[[ Exercise input, beginning ]]

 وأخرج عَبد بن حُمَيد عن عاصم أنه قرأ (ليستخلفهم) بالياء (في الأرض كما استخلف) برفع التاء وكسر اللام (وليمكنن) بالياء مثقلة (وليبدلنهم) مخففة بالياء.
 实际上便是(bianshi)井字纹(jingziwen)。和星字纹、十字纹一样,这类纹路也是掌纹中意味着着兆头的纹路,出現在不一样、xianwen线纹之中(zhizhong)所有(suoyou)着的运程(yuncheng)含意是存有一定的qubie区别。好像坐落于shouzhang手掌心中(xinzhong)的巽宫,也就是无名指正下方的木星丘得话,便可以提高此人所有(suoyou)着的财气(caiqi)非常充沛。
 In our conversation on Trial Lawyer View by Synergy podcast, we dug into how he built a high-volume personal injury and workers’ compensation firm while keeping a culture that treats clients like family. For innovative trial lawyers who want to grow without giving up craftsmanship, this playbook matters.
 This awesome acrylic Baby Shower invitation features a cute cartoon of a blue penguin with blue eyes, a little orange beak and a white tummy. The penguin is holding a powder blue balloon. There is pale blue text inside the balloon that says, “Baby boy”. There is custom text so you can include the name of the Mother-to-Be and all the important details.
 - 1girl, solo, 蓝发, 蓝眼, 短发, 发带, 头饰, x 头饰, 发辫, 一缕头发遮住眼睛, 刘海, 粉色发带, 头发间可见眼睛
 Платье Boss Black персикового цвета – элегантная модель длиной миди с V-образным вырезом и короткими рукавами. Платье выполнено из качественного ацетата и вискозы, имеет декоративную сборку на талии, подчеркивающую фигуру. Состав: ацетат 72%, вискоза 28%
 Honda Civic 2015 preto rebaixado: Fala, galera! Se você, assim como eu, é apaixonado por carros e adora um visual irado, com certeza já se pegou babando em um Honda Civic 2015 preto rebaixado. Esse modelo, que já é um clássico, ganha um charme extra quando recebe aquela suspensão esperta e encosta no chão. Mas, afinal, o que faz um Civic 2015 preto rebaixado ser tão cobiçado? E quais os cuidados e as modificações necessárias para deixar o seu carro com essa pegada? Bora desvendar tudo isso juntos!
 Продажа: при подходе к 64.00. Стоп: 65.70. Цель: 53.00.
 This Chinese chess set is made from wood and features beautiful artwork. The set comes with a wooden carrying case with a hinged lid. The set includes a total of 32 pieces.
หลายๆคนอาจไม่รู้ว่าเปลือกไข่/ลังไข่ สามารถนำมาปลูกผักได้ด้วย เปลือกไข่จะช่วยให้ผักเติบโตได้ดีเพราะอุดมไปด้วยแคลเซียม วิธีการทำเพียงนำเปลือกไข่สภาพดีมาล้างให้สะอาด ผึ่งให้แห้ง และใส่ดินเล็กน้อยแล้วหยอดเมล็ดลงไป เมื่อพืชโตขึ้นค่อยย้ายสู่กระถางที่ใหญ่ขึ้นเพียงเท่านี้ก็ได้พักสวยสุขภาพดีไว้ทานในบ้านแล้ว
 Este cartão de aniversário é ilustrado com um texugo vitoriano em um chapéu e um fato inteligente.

[[ Exercise input, end ]]

Copy each line of the records containing the string "features".

 This awesome acrylic Baby Shower invitation features a cute cartoon of a blue penguin with blue eyes, a little orange beak and a white tummy. The penguin is holding a powder blue balloon. There is pale blue text inside the balloon that says, “Baby boy”. There is custom text so you can include the name of the Mother-to-Be and all the important details.
 This Chinese chess set is made from wood and features beautiful artwork. The set comes with a wooden carrying case with a hinged lid. The set includes a total of 32 pieces.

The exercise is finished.